Senin, 28 November 2016, bertempat di Gedung Rumpun Ilmu Kesehatan UI Depok, diselenggarakan Public Lecture oleh Gabriel Culbert, Ph. D., R.N. dari University of Illinois at Chicago—College of Nursing. Kuliah umum tersebut dihadiri oleh mahasiswa Program Sarjana Angkatan 2015 FIK UI.
Didampingi oleh Manajer Kerjasama dan Hubungan Alumni FIK, Agung Waluyo, Ph.D., Gabriel menyampaikan materi dengan topik “HIV Medication Adherence Counseling.”
Dalam kesempatan tersebut, Gabriel menyampaikan hasil penelitiannya pada Orang Dengan HIV/ AIDS (ODHA) di beberapa Lembaga Pemasyarakatan (lapas) di Jakarta. Gabriel mengungkapkan bahwa HIV dapat dikendalikan jika si penderita mendapatkan perawatan. Perawatan yang dimaksud salah satunya adalah dengan mengonsumsi Antiretroviral (ARV), yaitu obat yang dapat menghentikan reproduksi HIV di dalam tubuh. Bila pengobatan tersebut bekerja secara efektif, maka kerusakan kekebalan tubuh dapat ditunda bertahun–tahun dan dalam rentang waktu yang cukup lama sehingga orang yang terinfeksi HIV dapat mencegah AIDS. Namun virus HIV masih ada di dalam tubuhnya dan tetap bisa menularkan pada orang lain.
“Taking ARV means you spend less time at the hospital and more at home,” ungkap Gabriel ketika menekankan pentingnya ARV bagi penderita HIV. Walaupun terlihat sehat, bukan berarti keadaan penderita HIV tidak akan memburuk.

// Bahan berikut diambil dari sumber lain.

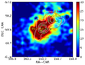 有证据表明年轻的巨星团可能是银河系内高能宇宙线起源之一。永利官网硕士研究生葛婷婷和导师孙晓娜与中国科技大学杨睿智教授等合作,基于Fermi卫星的高能粒子探测器LAT最新的观测数据,研究船底座星云复合体中大质量星团Tr 14和Tr 16周围GeV伽马射线辐射,发现这个区域存在扩散的GeV伽马射线辐射,其空间分布与分子气体一致,用两个高斯盘的空间模型可以很好地解释。两个区域的伽马射线能谱分布均可用轻子和强子两种模型去拟合。区域A的谱较软且显示了一个明显的pion-bump特征,可能是由于A区的双星系统过亮引起,或是双星系统加速的软宇宙线和气体相互作用导致,但也不排除双星系统和大质量星团共同加速宇宙线的情况。B区的高气体密度和伽马射线辐射与分子气体之间较好有空间一致性,其伽玛射线辐射可能起源于强子辐射。两个区域的宇宙线径向分布不符合1/r的关系,可能由于该系统中的宇宙线是来自最近的一些脉冲过程,而不是持续注入的。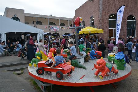 De Kermes 2016 aan de Selimiye moskee beleefde vandaag een topdag met een massa bezoekers. Die deden zich tegoed aan een brede waaier van Turkse specialiteiten en bezochten de kraampjes met kleding, boeken, geschenkartikelen, kookpotten, en het antiek van Zeki, naar eigen zeggen de eerste en enige Turkse antiquair in de streek. Hij verkoopt zijn 3 topstukken morgen openbaar voor het goede doel. Er was zelfs een infostand voor wie in Turkije nieuwe tandprothesen wil laten zetten. Voor de kinderen viel heel wat te beleven, ... dé attractie voor jong en oud dit jaar was de rodeo stier, waar zelfs de meest taaie berijder zich uiteindelijk gewonnen moest geven. SP.A-voorzitter John Crombez kwam vanmiddag langs, net als burgemeester en verschillende schepenen. De opbrengst van de Kermes gaat voor een deel naar Zimbabwe. In een droog gebied werden vorig jaar al waterputten gesponsord. Dit jaar is het er extra droog, in de aanloop naar de Ramadan zal vanuit de Selimiye moskee gezorgd worden dat de bevolking voedsel heeft voor de Iftar. Tweede doel is de verbouwing van de kelder onder de feestzaal bij de moskee. Daarin worden lokalen ondergebracht voor verschillende doeleinden zoals bijvoorbeeld voor het onderricht van de basiskennis islam. Ook zondag van 14 tot 20 uur is er nog de Kermes 2016, iedereen is welkom, reservatie is niet nodig. (meer foto's)27349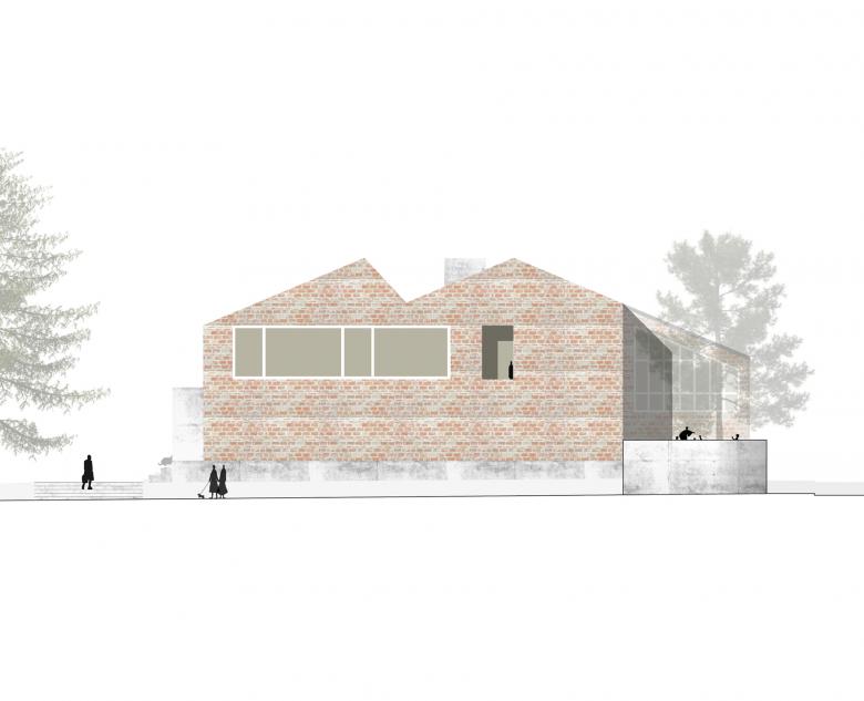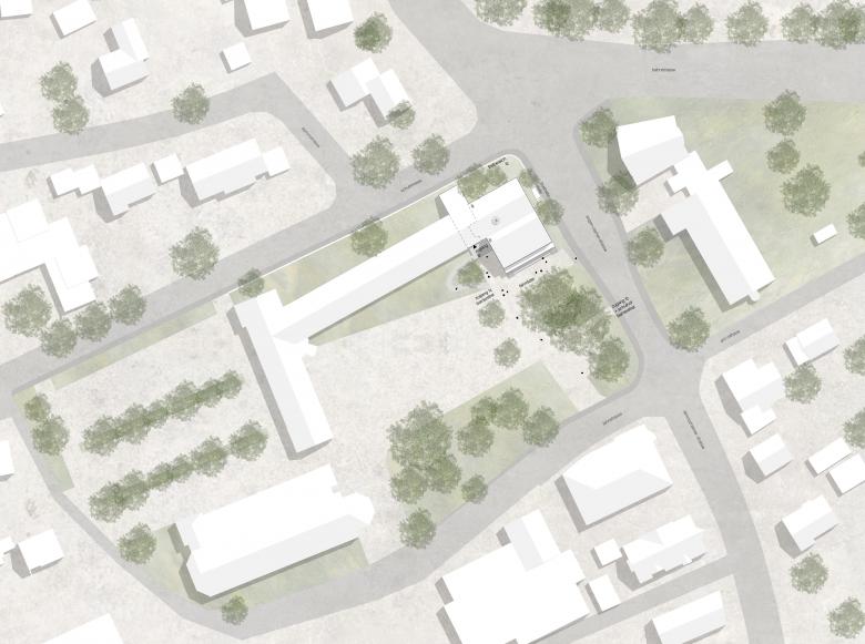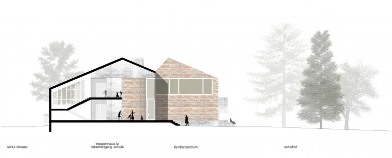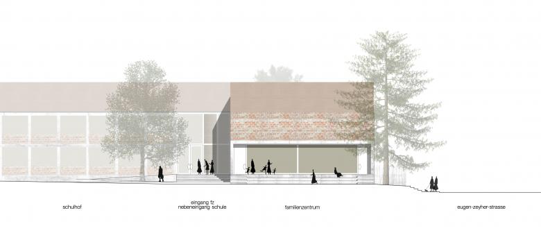 Das neue Familienzentrum nimmt in Verlängerung der Schule deren Proportionen auf. Nach Süden wird der Neubau um eine Einheit mit asymmetrischem Satteldach erweitert. Damit nimmt das Familienzentrum zum einen das Vorhandene seiner Umgebung auf, zum anderen setzt es sich in Materialität und Gestaltung aber auch von ihm ab, und steht so für ein offenes und modernes Haus.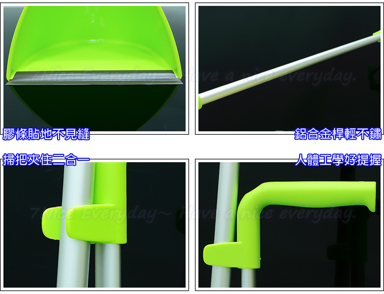 掃把:進口特殊軟性泡綿、鋁合金、ABS、聚丙烯、聚乙烯 畚斗:聚丙烯、聚氯乙烯、聚乙烯、鋁合金

Tipe virus HIV ada banyak, jika sudah terinfeksi satu jenis, masih mungkin terinfeksi jenis yang lain. Karena itu, sangat penting bagi mereka untuk mengonsumsi ARV.
Meskipun demikian, mengonsumsi ARV bukanlah hal yang mudah bagi penderita HIV. Sebagian penderita HIV cenderung memiliki kekhawatiran untuk mengonsumsi ARV. Umumnya, mereka khawatir beratnya beradaptasi untuk mengonsumsi ARV setiap hari, anggapan keluarga dan orang terdekat, dan efek samping yang timbul. Dukungan serta motivasi keluarga dan orang terdekat, serta kesiapan penderita adalah aspek yang menentukan untuk memulai ARV.

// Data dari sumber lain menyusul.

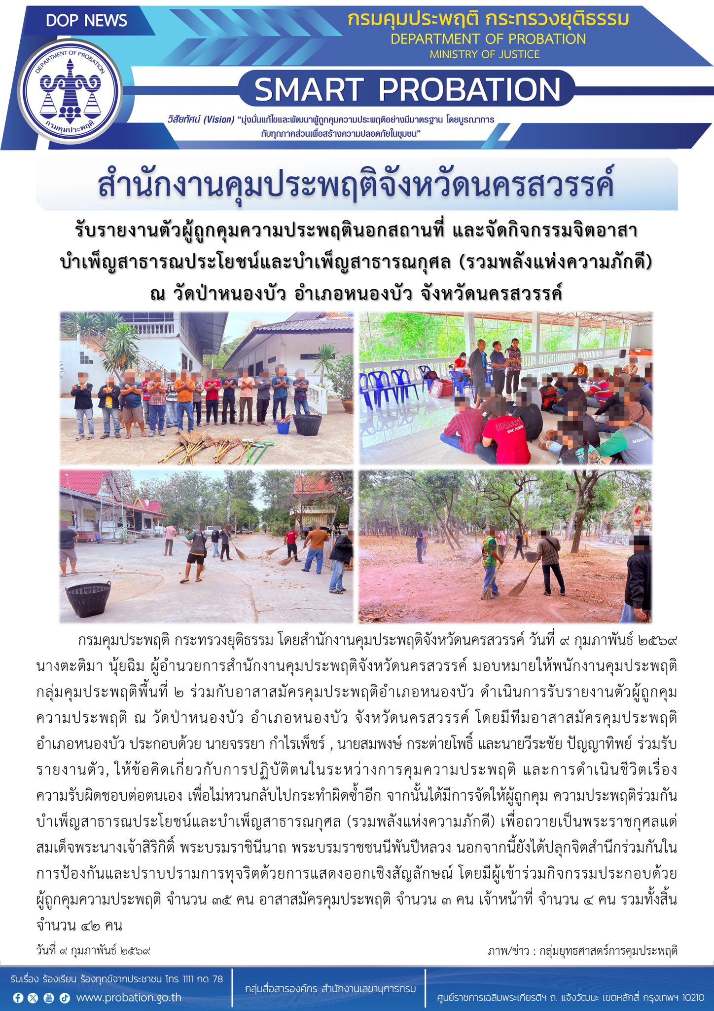 พนักงานคุมประพฤติกลุ่มคุมประพฤติพื้นที่ 2 ร่วมกับอาสาสมัครคุมประพฤติอำเภอหนองบัว ดำเนินการรับรายงานตัวผู้ถูกคุมความประพฤติ ณ วัดป่าหนองบัว อำเภอหนองบัว จังหวัดนครสวรรค์พนักงานคุมประพฤติกลุ่มคุมประพฤติพื้นที่ 2 ร่วมกับอาสาสมัครคุมประพฤติอำเภอหนองบัว ดำเนินการรับรายงานตัวผู้ถูกคุมความประพฤติ ณ วัดป่าหนองบัว อำเภอหนองบัว จังหวัดนครสวรรค์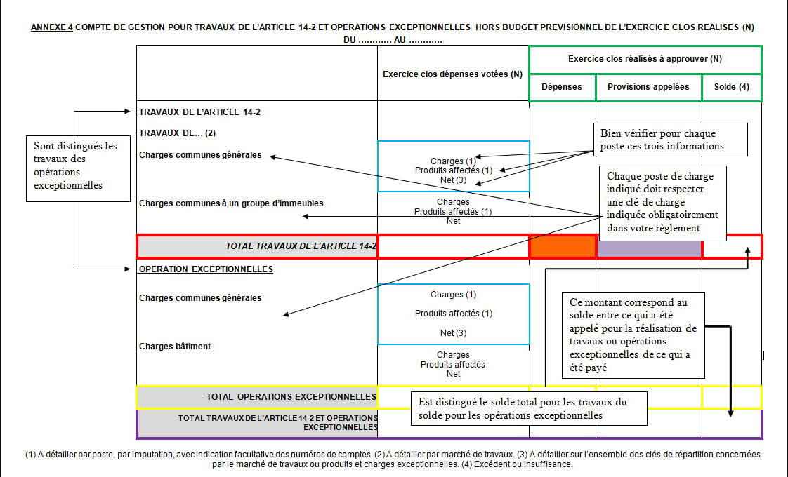 🔍 ANNEXE 4 COMPTE DE GESTION POUR TRAVAUX DE L'ARTICLE 14-2 ET OPÉRATIONS EXCEPTIONNELLES HORS BUDGET PRÉVISIONNEL DE L'EXERCICE CLOS RÉALISÉ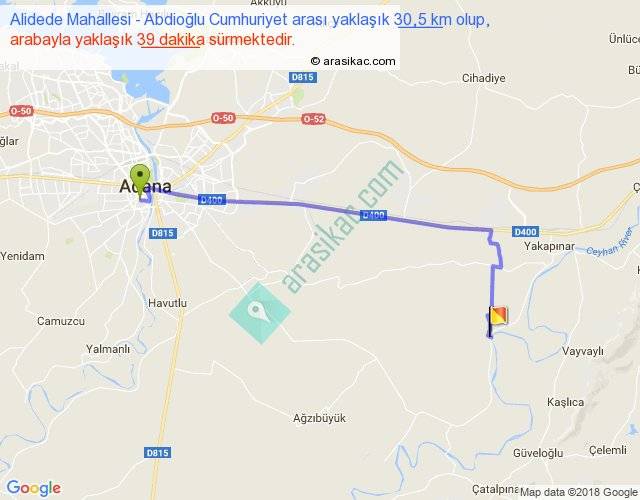 Alidede Mahallesi - Abdioğlu Cumhuriyet arası yaklaşık olarak 90 km/h ile yukarıda belirtilen sürede olup, iki yerin kuş uçuşu uzaklığı (mesafesi) 23'dir. Yolculuk otobüsle 50 dakika sürmektedir.

Selain menyampaikan mengenai pentingnya ARV bagi penderita HIV, Gabriel juga memberikan beberapa tips bagi perawat untuk berkomunikasi dengan para penderita HIV. Di Indonesia, kurangnya informasi yang dimiliki oleh mayoritas masyarakat Indonesia menyebabkan para penderita ODHA menerima stigma negatif yang berujung pada diskriminasi.

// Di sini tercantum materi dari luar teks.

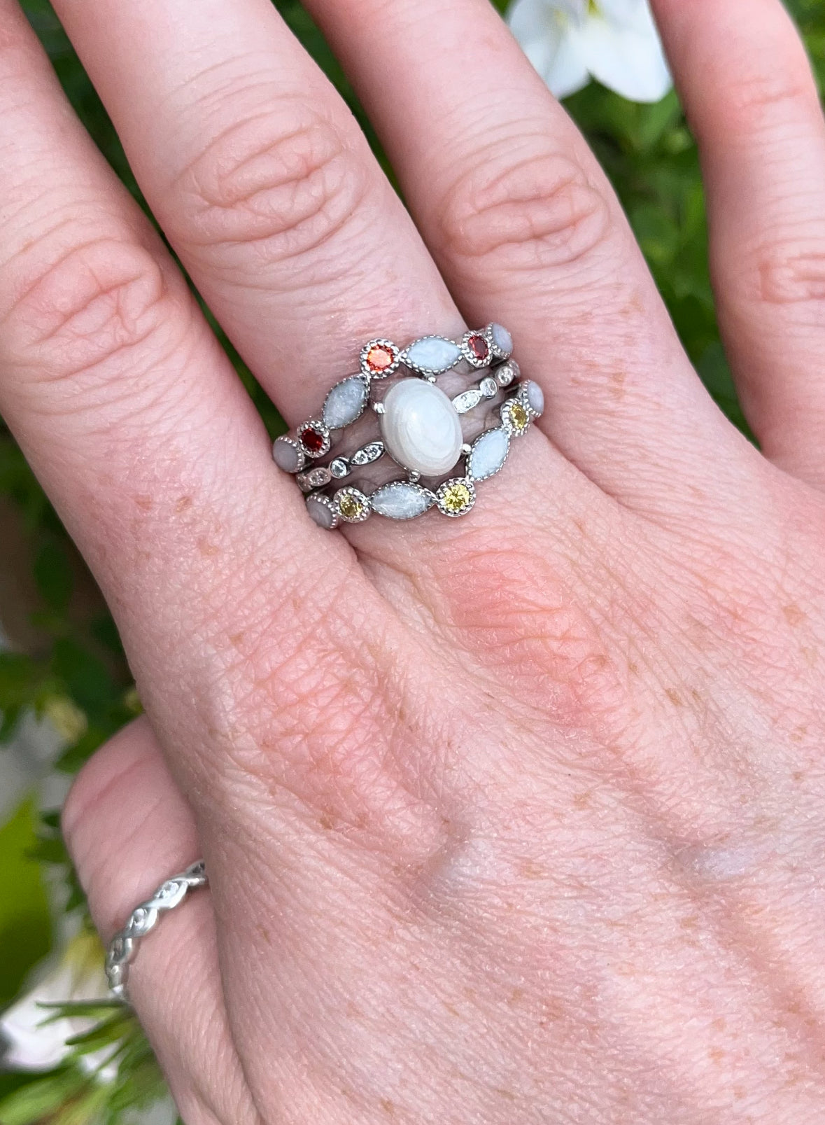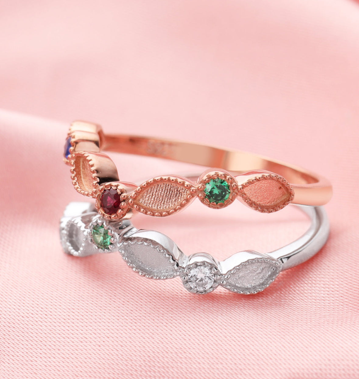 Please add your birthstone choices in your order notes at checkout. If no birthstone is specified, it will be made with clear gemstones. 3 different birthstones are allowed in this setting.

Tindakan diskriminasi dan stigmatisasi membuat orang enggan untuk melakukan tes HIV, enggan mengetahui hasil tes mereka, dan tidak berusaha untuk memperoleh perawatan yang semestinya serta cenderung menyembunyikan status penyakitnya. Di sinilah diperlukan komunikasi dan pendekatan yang baik dari seorang perawat, misalnya membiarkan pasien mengungkapkan isi hati dan kekhawatirannya tanpa disela, hindari penggunaan kata “mengapa” karena itu terkesan menuduh, dan jangan gunakan cara atau contoh yang negatif karena hal positif lebih menarik bagi pasien. “If you’re doing all the talking, you’re not doing your nursing assessment,” kata Gabriel.